I'm looking for something to write, I'm just in the mood. Unfortunately the issues that are likely the catalyst for this feeling aren't ones I can write about, we'll just leave it at "it's complicated".
Which means I need to use this post as a distraction. Something that's interesting enough to make me finish it, yet essentially avoids the true catalyst.
I guess I'll revisit getting older. I had another episode this week where I unequivocally realized I'm getting old. Let me try to explain. I've had previous posts that talk about me getting together with this band. As we've been practicing, I've also been going through potential songs that I can cover and I stumbled upon one of the old songs they did with their previous singer. "We're not going to take it" by Twisted Sister.
I was also watching VH1 "One Hit Wonders of the 80's" this week and it was one of the videos they played. The commentary about the song/video was that it was the ultimate 80's kid anthem. The song came out in 1984, which would have put me at 11 years old and on the brink of teenager land. I remember every boy in school seemed to love that damn song, it might have been my first clash with pop music culture.
The song has popularity and nostalgia going for it. We are likely to play for older crowds and considering that, it's probably a good choice. It's vocals are also likely in my range, which is why I was looking it over. It also doesn't hurt that the band had previously played it and by choosing it we would minimize the amount of new material they'd have to learn before we were able to do a show.
As I was thinking about all of these things, I suddenly had this weird feeling come over me. When I think about this song I relate to it as an 11 year old boy, now I wanted to sing it as a 36 year old man?
It's a rock anthem about rebellion and growing up. Nowadays I'm part of the 'establishment' rebelling is done against me , not by me. I'm the old guy in the video not the kid. To say it was sobering and disturbing at the same time would be an understatement. Just another instance of where the hell did my 20's go and I'm really going to join a band at 36 approaching 40? Weird, if I was in my late 20's the thoughts of this wouldn't even cross my mind. Heck, if I was on the underside of 35, it probably wouldn't phase me. I think it's the fact that I realize I'm now closer to 50 rather then 20. I know I still have a way to go, but as I stated earlier it's still sobering.

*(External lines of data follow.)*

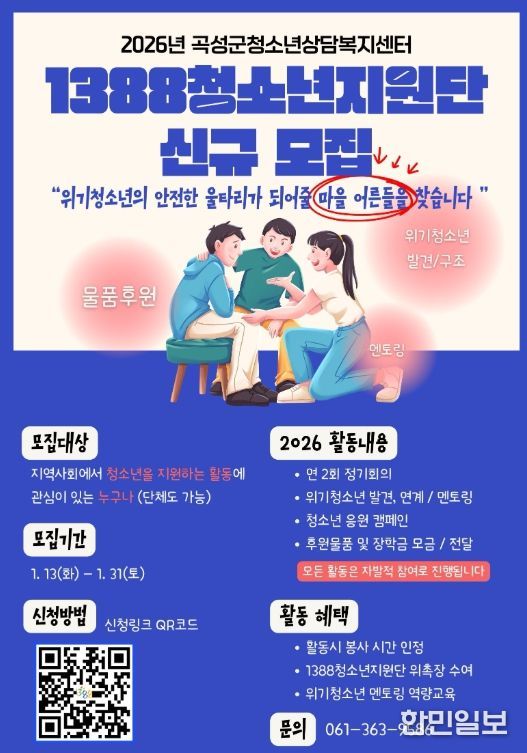 한민일보 서울포커스 박용남 기자 | 전남 곡성군은 관내 소재한 곡성군청소년상담복지센터에서 지역 내 위기청소년을 조기에 발견하고 실질적인 지원을 제공하기 위한 민·관 협력 조직인 ‘1388청소년지원단’의 2026년도 신규 단원을 모집한다고 16일 밝혔다.
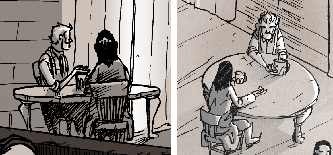 With Chapter 4, however, something unexpected happened. I should have seen it in the thumbnail and scripting stages, but a character that I wholly thought was just a background character stepped out from behind the bar, so to speak, and became a bit more than just a face in the crowd.
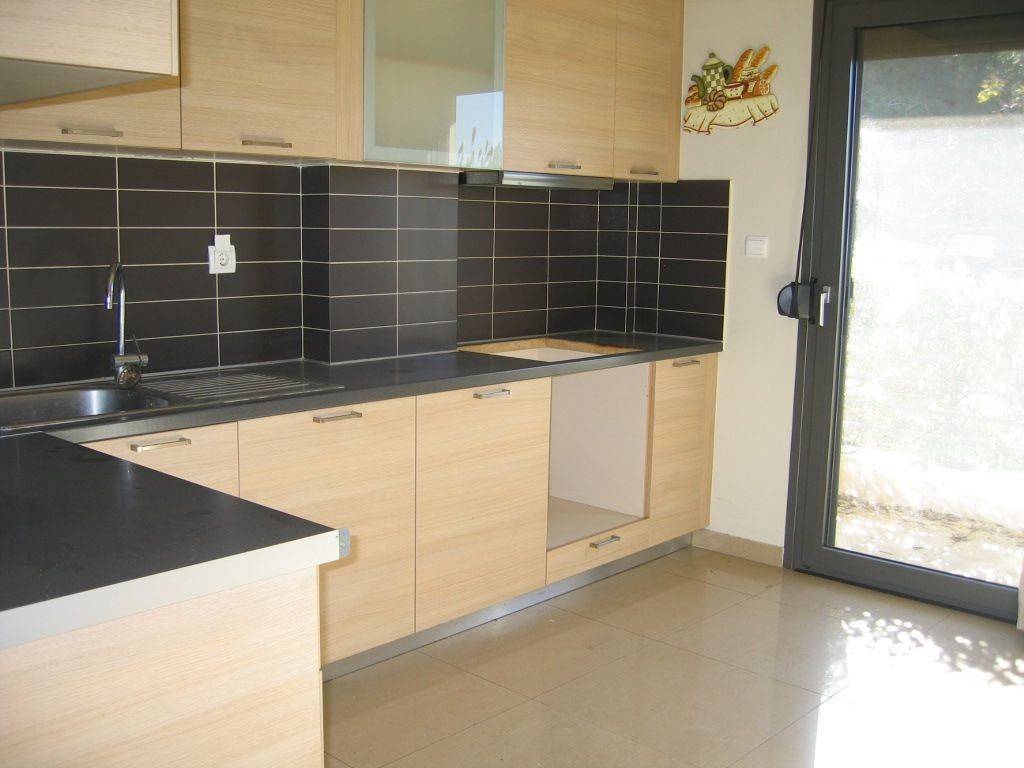 Neo Rysio, on a nice location on the edge of the settlement. In a complex of 3 houses, an independent maisonette is for rent 165 sq m on 3 levels plus 30 sq m of attic. It has a large garden and 3 open parking spaces. The basement, (Ground floor from the front), is like an independent apartment. With an independent entrance It has a living room, 2 bedrooms, a bathroom and a small storage room. The ground floor, where the main entrance is, there is a living room with a fireplace, the kitchen, and a WC. On the 1st floor there are 3 bedrooms, all with balconies, a bathroom and access to the attic with a regular staircase. The attic is bright, spacious and has storage spaces. The house is of excellent construction with heavy-duty exterior frames, with screens, wardrobes and armored doors. It has autonomous heating, with an oil burner in an external boiler room and thermostats for autonomous operation per level.
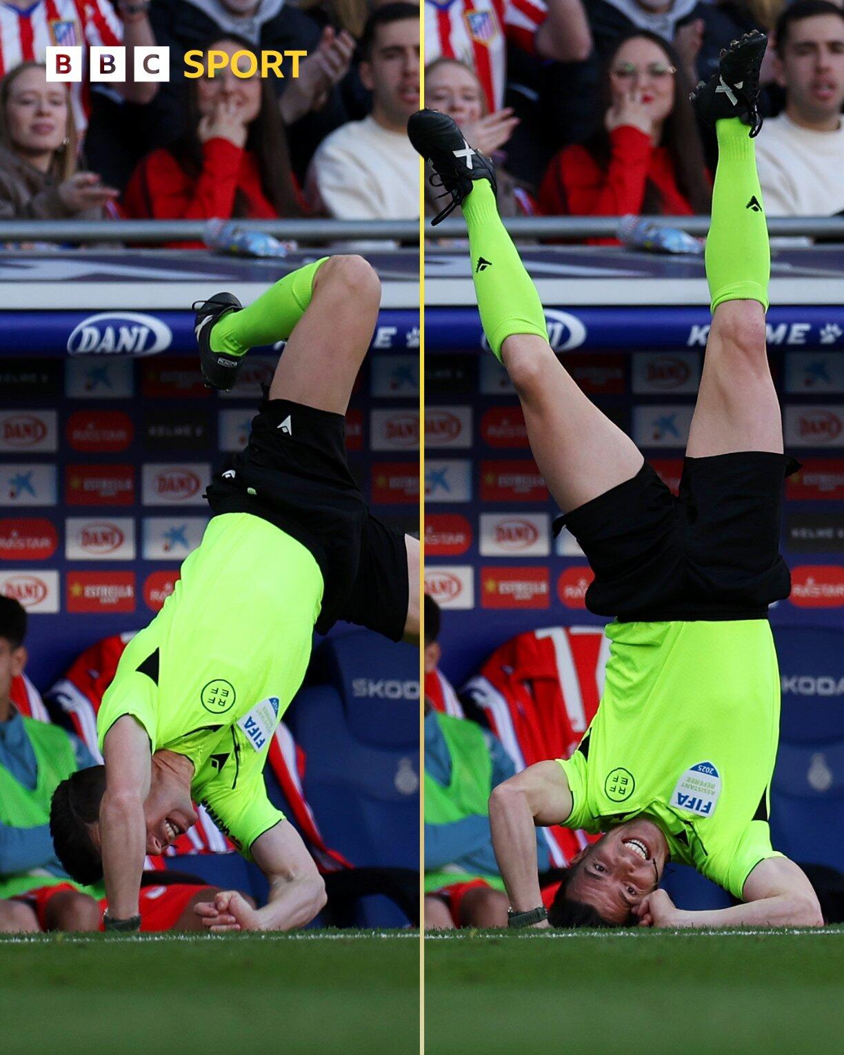 这就是街舞小西蒙尼想边路超车撞上边裁,后者摔了个倒栽葱
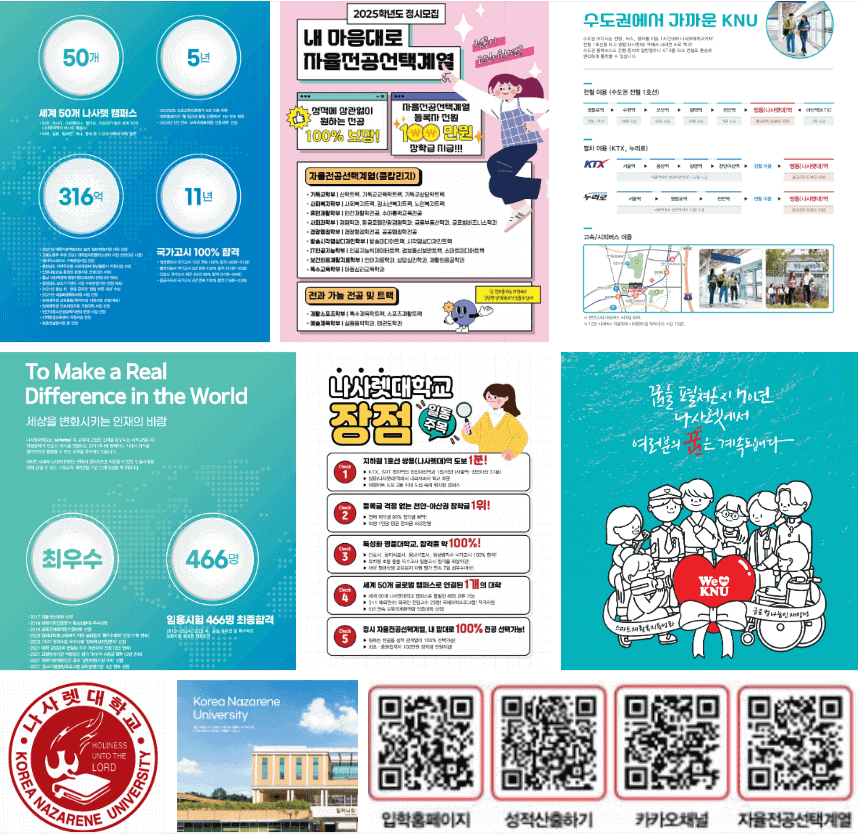 2025학년도 나사렛대 정시모집 지원을 희망하는 수험생분들을 위해 학과에 대한 소개를 안내해 드리겠습니다. 학부소개, 교육목표, 졸업 후 진로, 취득 자격증, 트랙소개, 교수소개, 교과과정, 졸업요건, 학생회, 동아리, 취업공지, 장학공지 등 각 학과의 특·장점들의 내용이 수록되어 있습니다. 천천히 읽어보시고 지원 시 도움이 되시기 바랍니다.

My gut instinct right now is to not try and do the song, if the band asks I'll give it a shot in practice and I'll probably relent to performing it if it sounds good, after all it's a fun song and for the nostalgia factor it's likely a solid choice. Maybe I just need to think I'm rebelling against the oppressing baby boomers that are hanging on rather then retire or are intent on sucking Social Security dry. I'll put together a YouTube video of us pushing some older gentlemen in a wheel chair down the stairs as we limp down after him with our canes.